ASSIGNMENT:
Give back exactly the lines from the start of the entries below to the line holding "两位候选人仍旧势均力敌。在《国会山报》(the Hill)/美国选举预测机构决策台总部(DECISION DESK", that line included, and leave every picture out.

Records from a data source:
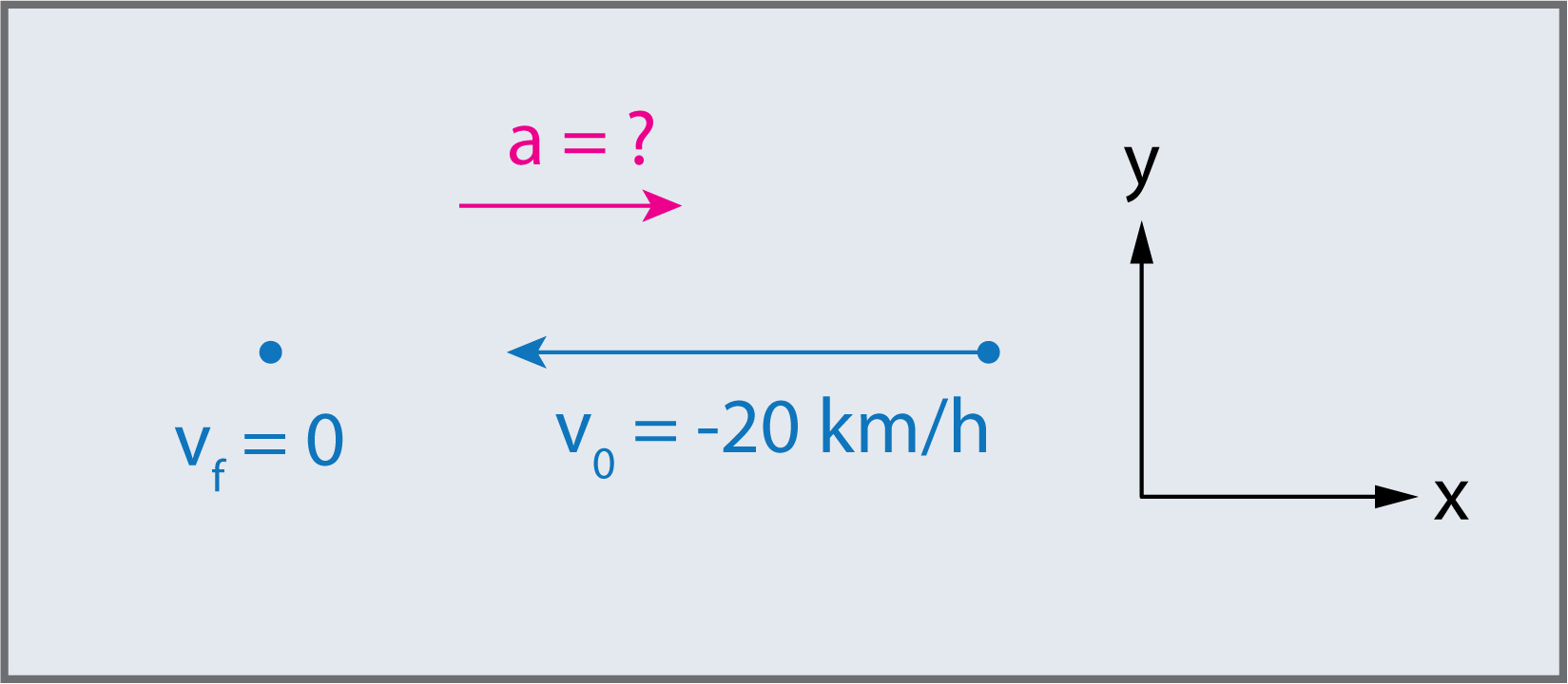 Identifiez les éléments connus: \(v_{0}=-20.0\,km/h\), \(v_{f}=0\,km/h\), \(\Delta t=10.0\,s\).
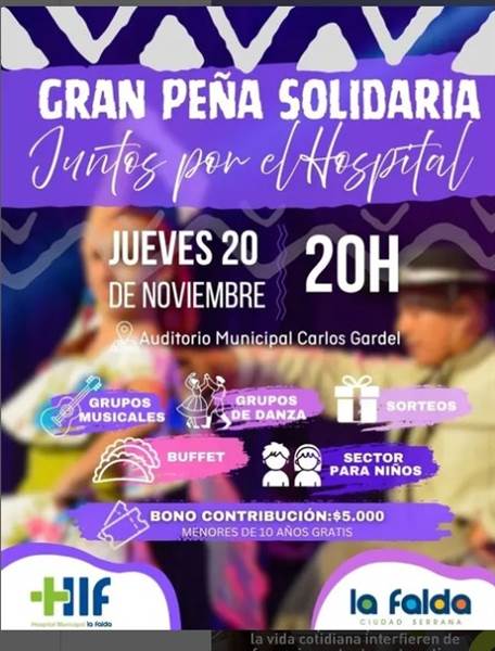 El jueves 20 de noviembre a las 20 h, el Auditorio Municipal Carlos Gardel será el punto de encuentro para disfrutar de una Gran Peña Solidaria, con el objetivo de recaudar fondos destinados a la instalación de paneles solares en el Hospital Municipal de La Falda.
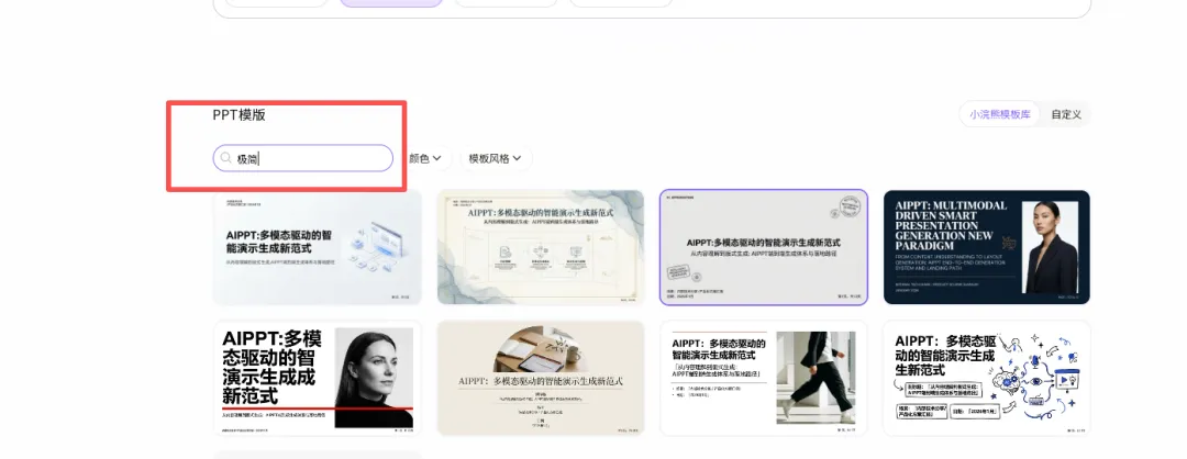 本次上线了不少实用的PPT 模板,需要什么风格的模板,可以直接搜索,比如,我搜索“极简”两字,就跳出了极简的高质量模板。这次升级,有一个很大的亮点,那就是支持异步生成和完成提醒。
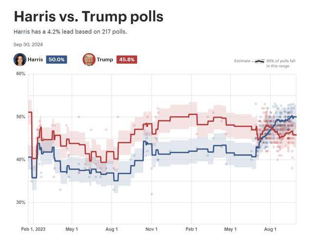 距离11月5日的总统大选还有一个多月的时间, 两位候选人仍旧势均力敌。在《国会山报》(the Hill)/美国选举预测机构决策台总部(DECISION DESK HQ,以下简称DDHQ)跟踪的217份民意调查中,哈里斯仅领先特朗普4.2%。
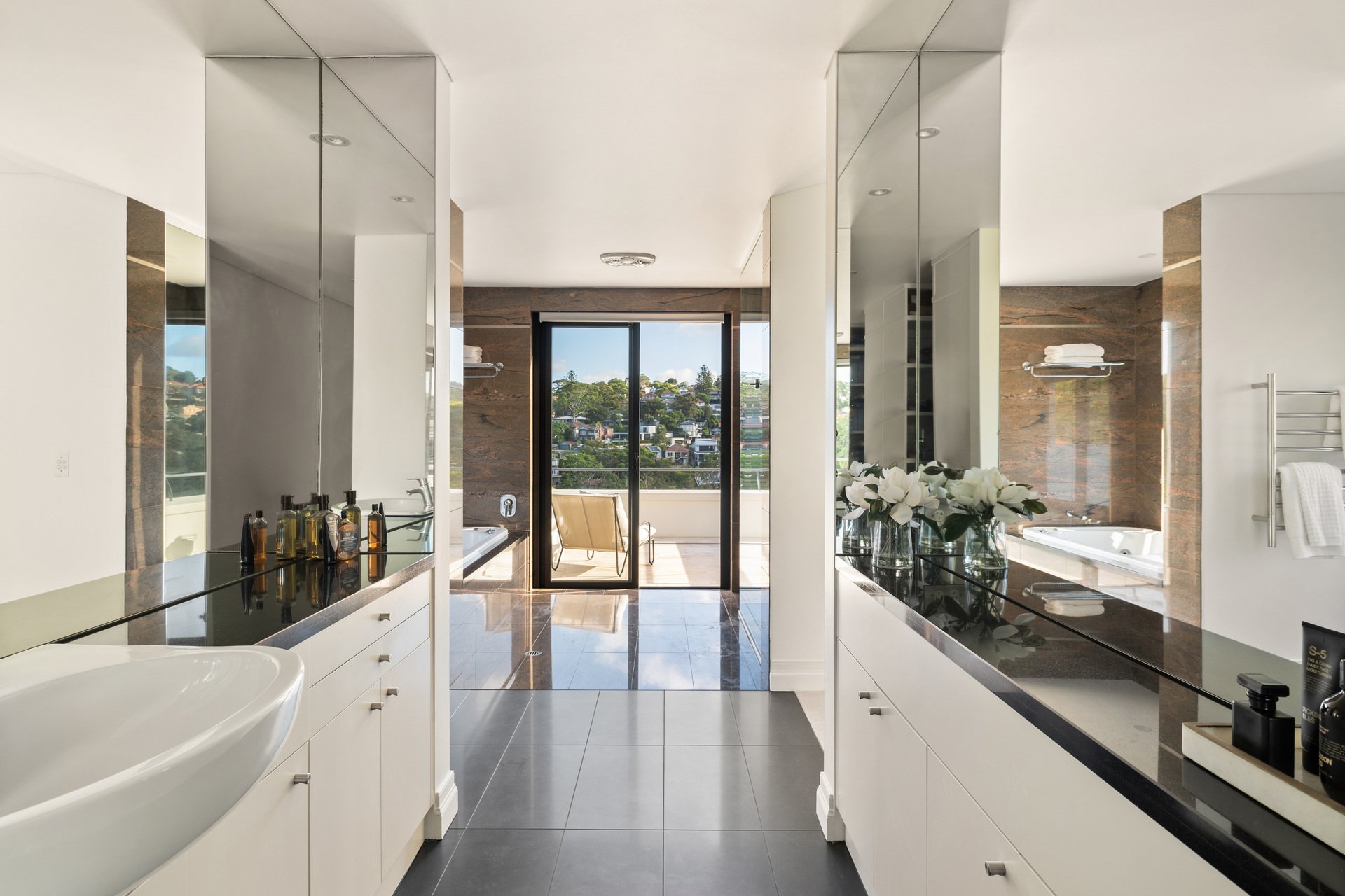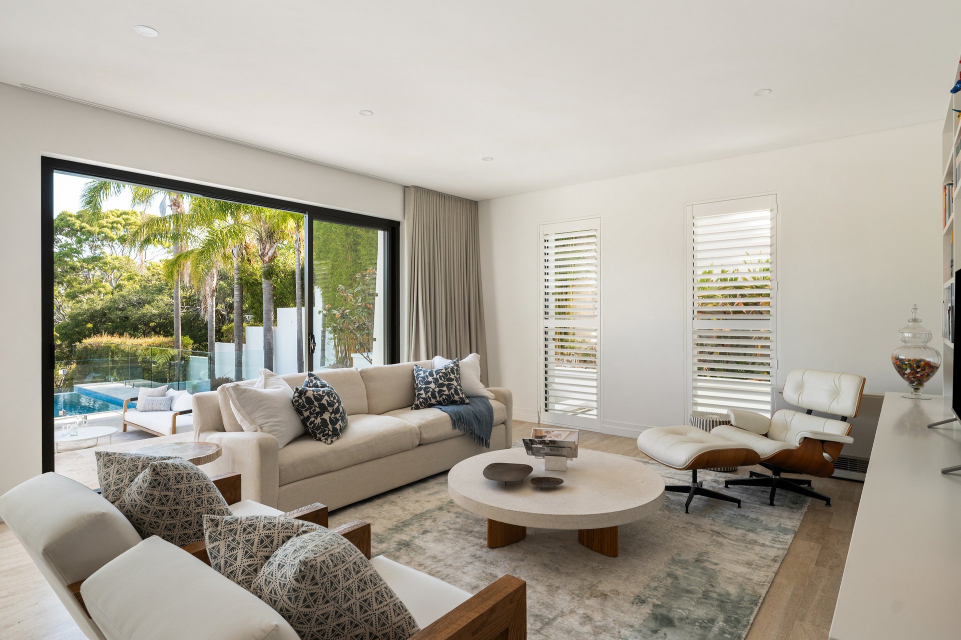 Tucked away in a peaceful cul-de-sac, this extraordinary residence blends architectural sophistication with a relaxed contemporary lifestyle. Spread across multiple levels on an impressive 2,744sqm (approx.) parcel, the home captures calming leafy outlooks and glimpses of Sailors Bay. Thoughtfully designed for both grand entertaining and everyday family comfort, it features a series of light-filled living zones, a Travertine terrace, and a saltwater infinity pool that steps gently toward the water’s edge.
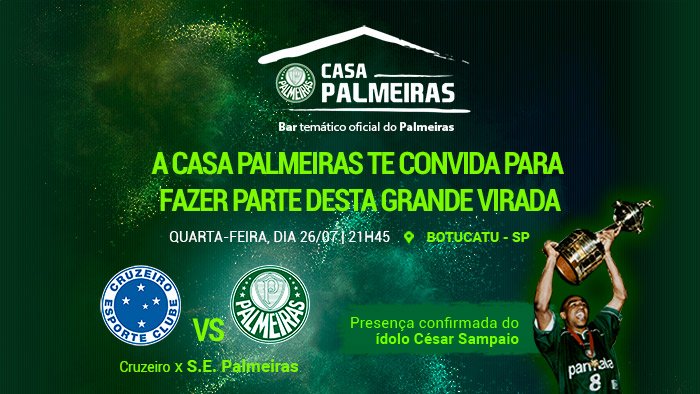 A Casa Palmeiras, bar temático itinerante do Verdão, desembarca na cidade de Botucatu-SP, nesta quarta-feira (26), para promover o jogo contra o Cruzeiro, pelas quartas de final da Copa do Brasil. Torcedores que adquirirem produtos na Academia Store da cidade terão acesso ao evento, que será realizado no Sinhô Sinhá Restaurante e Cachaçaria, a partir das 19h.
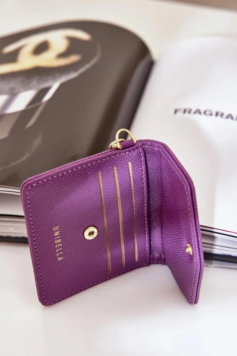 Praktyczne i eleganckie etui na karty wykonane z eko skóry. Zapinane na zatrzask, zapewnia wygodę i bezpieczeństwo przechowywania. Dodatkowym atutem jest ozdobny złoty brelok. Stylowy i funkcjonalny dodatek, idealny do codziennego użytku.

SOLVED PROBLEM:
 Identifiez les éléments connus: \(v_{0}=-20.0\,km/h\), \(v_{f}=0\,km/h\), \(\Delta t=10.0\,s\).
 El jueves 20 de noviembre a las 20 h, el Auditorio Municipal Carlos Gardel será el punto de encuentro para disfrutar de una Gran Peña Solidaria, con el objetivo de recaudar fondos destinados a la instalación de paneles solares en el Hospital Municipal de La Falda.
 本次上线了不少实用的PPT 模板,需要什么风格的模板,可以直接搜索,比如,我搜索“极简”两字,就跳出了极简的高质量模板。这次升级,有一个很大的亮点,那就是支持异步生成和完成提醒。
 距离11月5日的总统大选还有一个多月的时间, 两位候选人仍旧势均力敌。在《国会山报》(the Hill)/美国选举预测机构决策台总部(DECISION DESK HQ,以下简称DDHQ)跟踪的217份民意调查中,哈里斯仅领先特朗普4.2%。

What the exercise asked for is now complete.